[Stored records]
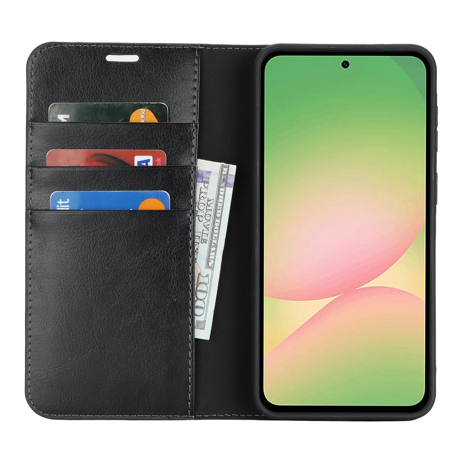 Gör din Samsung Galaxy A57 ännu snyggare med ett praktiskt mobilfodral i äkta läder! Det är slimmat men otroligt smart, med plats för tre kort och en sedel eller två, så du kan lämna plånboken hemma. Din telefon klickar du enkelt i det flexibla, inbuggda skalet som håller den stadigt på plats.
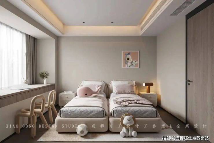女儿房的硬装是简约耐看的。床品和挂画点缀了莫兰迪粉,映衬着这个空间无比温馨舒适;小屋造型的置物架充满了童趣。
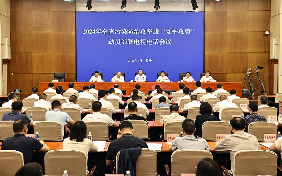 5月30日上午,2024年全省污染防治攻坚战“夏季攻势”动员部署电视电话会在长沙召开。省委副书记、省长毛伟明强调,要深入贯彻习近平生态文明思想,保持持续攻坚势头不松劲,以最坚决的态度、最有力的措施,确保“夏季攻势”各项任务落地见效,守护好三湘大地的青山绿水、蓝天净土。
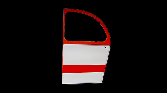Montage du cadre intérieur de la vitre arrière gauche, et fixation de la portier sur la carrosserie.
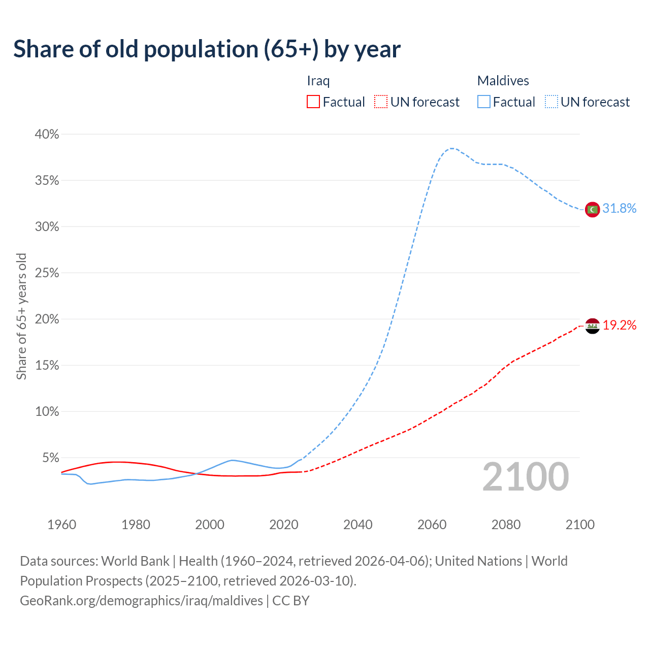 - The share of old-age demographic (65+) in Iraq is 3.41% vs 4.64% in Maldives.
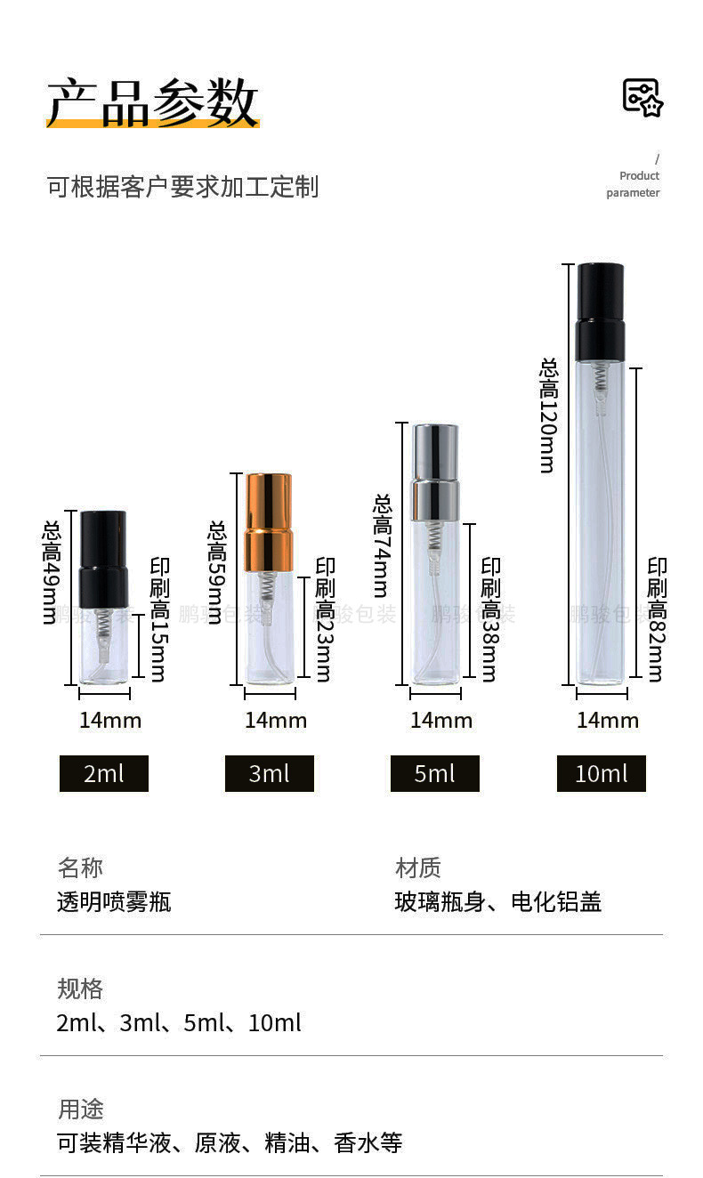 仕様とモデル 2ml (14*30);ゴールドスプレーヘッド付き;ガラス,2ml (14*30);シルバースプレーヘッド付き;ガラス,2ml (14*30);黒いスプレーヘッド付き;ガラス,3ml (14*40);ゴールドスプレーヘッド付き;ガラス,3ml (14*40); シルバースプレーヘッド付き; ガラス,3ml (14*40);黒いスプレーヘッド付き;ガラス,5ml (14*55); ゴールドスプレーヘッド付き; ガラス,5ml (14*55); シルバースプレーヘッド付き; ガラス,5ml (14*55); 黒いスプレーヘッド付き; ガラス,10ml (14*100);ゴールドスプレーヘッド付き;ガラス,10ml (14*100);シルバースプレーヘッド付き;ガラス,10ml (14*100);黒いスプレーヘッド付き;ガラス
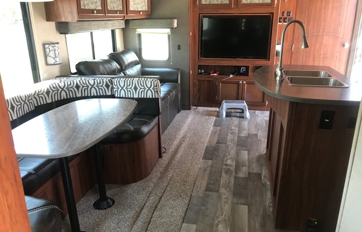 Fully furnished camping experience. It has 3 slides and is designed with an island, 43" smart TV in the living room, 40" TV in the bunk and sleeps 10 max. Kitchen has mid size fridge, 3 burner stove and microwave. Outside entertainment center has a fridge, sink and tv. FULLY STOCKED - linens, dishes, chairs, propane grill, charcoal grill.
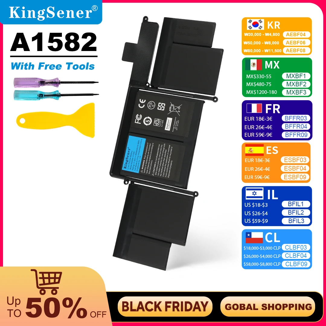 KingSener A1582 A1493 Laptop Battery For Apple MacBook Pro 13" Retina A1502 2013 2014 2015 Year 020-00010 Free Tools 500+ Cycles $33.91
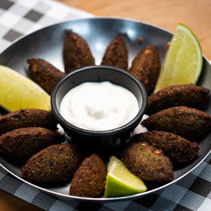Bolinhos de grão-de-bico dourados, servidos com sour cream cremoso.
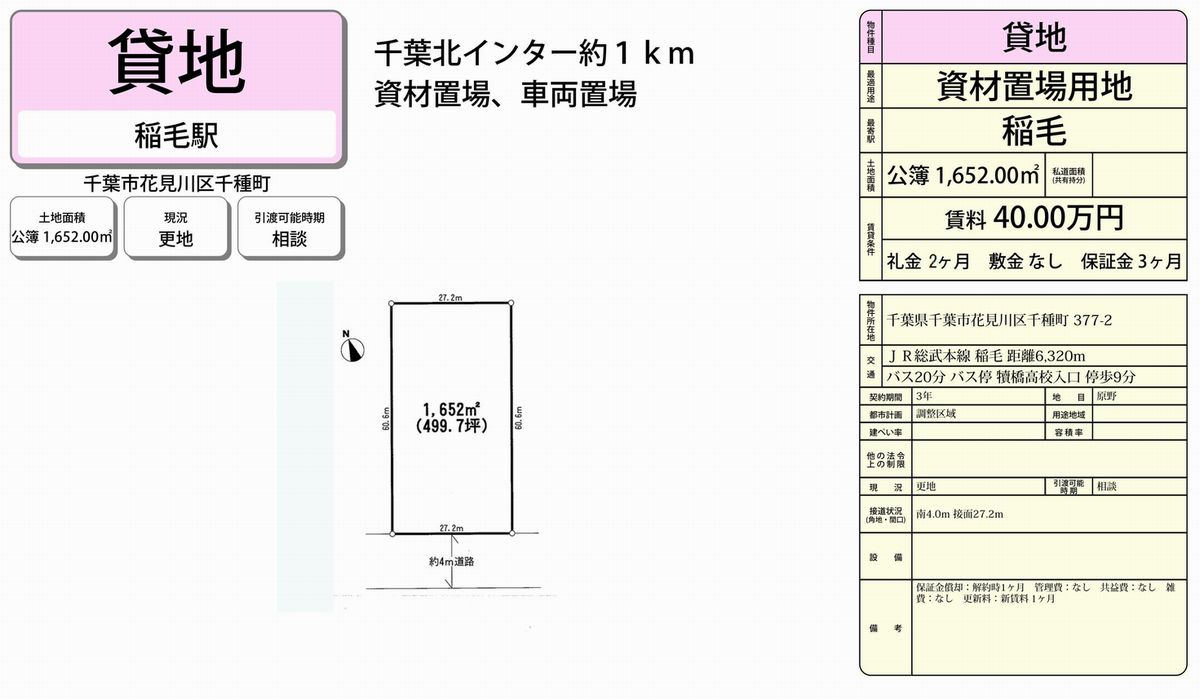 千葉県内の貸倉庫・貸工場・賃貸土地の情報満載(トップ) > 千葉のエリアで探す > 千葉市花見川区 > 稲毛 > 千葉市花見川区千種町377-2 稲毛 貸地

▸ **What this task involves**:
Could you return each entry word for word, with the images omitted?

▸ **Result**:
 Gör din Samsung Galaxy A57 ännu snyggare med ett praktiskt mobilfodral i äkta läder! Det är slimmat men otroligt smart, med plats för tre kort och en sedel eller två, så du kan lämna plånboken hemma. Din telefon klickar du enkelt i det flexibla, inbuggda skalet som håller den stadigt på plats.
女儿房的硬装是简约耐看的。床品和挂画点缀了莫兰迪粉,映衬着这个空间无比温馨舒适;小屋造型的置物架充满了童趣。
 5月30日上午,2024年全省污染防治攻坚战“夏季攻势”动员部署电视电话会在长沙召开。省委副书记、省长毛伟明强调,要深入贯彻习近平生态文明思想,保持持续攻坚势头不松劲,以最坚决的态度、最有力的措施,确保“夏季攻势”各项任务落地见效,守护好三湘大地的青山绿水、蓝天净土。
Montage du cadre intérieur de la vitre arrière gauche, et fixation de la portier sur la carrosserie.
 - The share of old-age demographic (65+) in Iraq is 3.41% vs 4.64% in Maldives.
 仕様とモデル 2ml (14*30);ゴールドスプレーヘッド付き;ガラス,2ml (14*30);シルバースプレーヘッド付き;ガラス,2ml (14*30);黒いスプレーヘッド付き;ガラス,3ml (14*40);ゴールドスプレーヘッド付き;ガラス,3ml (14*40); シルバースプレーヘッド付き; ガラス,3ml (14*40);黒いスプレーヘッド付き;ガラス,5ml (14*55); ゴールドスプレーヘッド付き; ガラス,5ml (14*55); シルバースプレーヘッド付き; ガラス,5ml (14*55); 黒いスプレーヘッド付き; ガラス,10ml (14*100);ゴールドスプレーヘッド付き;ガラス,10ml (14*100);シルバースプレーヘッド付き;ガラス,10ml (14*100);黒いスプレーヘッド付き;ガラス
 Fully furnished camping experience. It has 3 slides and is designed with an island, 43" smart TV in the living room, 40" TV in the bunk and sleeps 10 max. Kitchen has mid size fridge, 3 burner stove and microwave. Outside entertainment center has a fridge, sink and tv. FULLY STOCKED - linens, dishes, chairs, propane grill, charcoal grill.
 KingSener A1582 A1493 Laptop Battery For Apple MacBook Pro 13" Retina A1502 2013 2014 2015 Year 020-00010 Free Tools 500+ Cycles $33.91
Bolinhos de grão-de-bico dourados, servidos com sour cream cremoso.
 千葉県内の貸倉庫・貸工場・賃貸土地の情報満載(トップ) > 千葉のエリアで探す > 千葉市花見川区 > 稲毛 > 千葉市花見川区千種町377-2 稲毛 貸地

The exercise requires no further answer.